First, lets us deal with the market. I have just written an article for a magazine on this and you are also not the only one to ask me recently. As I see it, the Nasdaq stocks are the bubble sector that drove the excesses of the bull market in the 1990s. The wealth it created also drove the economy generally and therefore the other sectors of the economy were also carried up in the bull market. While the Nasdaq stocks were wildly over valued, it is still true that so were the other sectors, though to a lesser extent. What I think will happen therefore in a bear market is that the Nasdaq stocks will be hit really hard, but so will the rest of the economy. It follows that the losses in the bubble sector are likely to depress everything.
At this point I see earnings downgrades for Nasdaq stocks and this is a sure signal that the wild hopes that drove the bubble are being abandoned. So, we have clearly moved into phase one of a bear market. Whether we are in phase two yet is open to discussion. It broadly calls for actual earnings decreases (or greater losses from bubble stocks that have never made a profit). So far they are telling us profits will be down, but that has not actually occurred yet - A fine point perhaps, but I think there is a lot more of phase two to be played out yet.
I also think that, while bear markets tend to be shorter than bull markets, they also tend to a length in proportion to the bull market before them. We have had a very long bull market. I expect therefore a longish bear market - years rather than months. However, this is all just speculation and gut feel. The only key is to watch what happens and adjust strategy to what you see. The point is not to mistake the sharp rallies that occur in all bear markets for the start of a new bull market. Psychologically, bull markets do not start until most people believe it is just another rally in the bear market.
So, that is where I think we are. As for strategy, a trader should not now be holding any stock that is not still in an uptrend. Eventually, such a strategy will take us right out of the market. An investor, on the other hand, should have increased cash holdings by selling all bubble stocks and stayed only with defensive positions - good stocks, that are not overvalued and not in down trends.
Secondly lets examine what you seem to have been doing and that is moving from investing to trading.

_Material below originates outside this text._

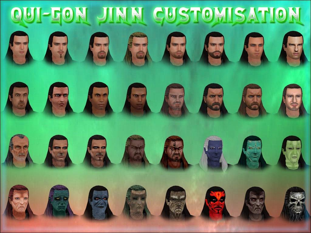 Sevaral face textures are extracted from the jedi_customisation_plus by SPANKI, but I made some myself of course. Easy, maybe you think? Not really, in fact. Of course the glm Model is not the same, and I had to work hard to adapt it on the Qui-Gon Jinn model.

You have to recognise that you have been doing this at the end of a bull market. On the one hand, this is a time when spectacular profits can be made from taking a trading approach. However, it is also a time of great danger in that once the music stops, so to speak, the profits can vanish almost over night and losses mount. In short, trading successfully at this time of a bull market requires ruthless discipline to cut losses. I suspect from your message that you have learned this the hard way.
Finally, there is the question of mutual funds. If you have bought them with a long-term buy and hold plan, I would not sell them. I think you should have a base portfolio of long-term holdings and trade with only a small part of your funds. There are of course mutual funds with all kinds of investing styles. If you are in speculative ones, get out of them, but if you are in solid basically value investor type funds, stay with them.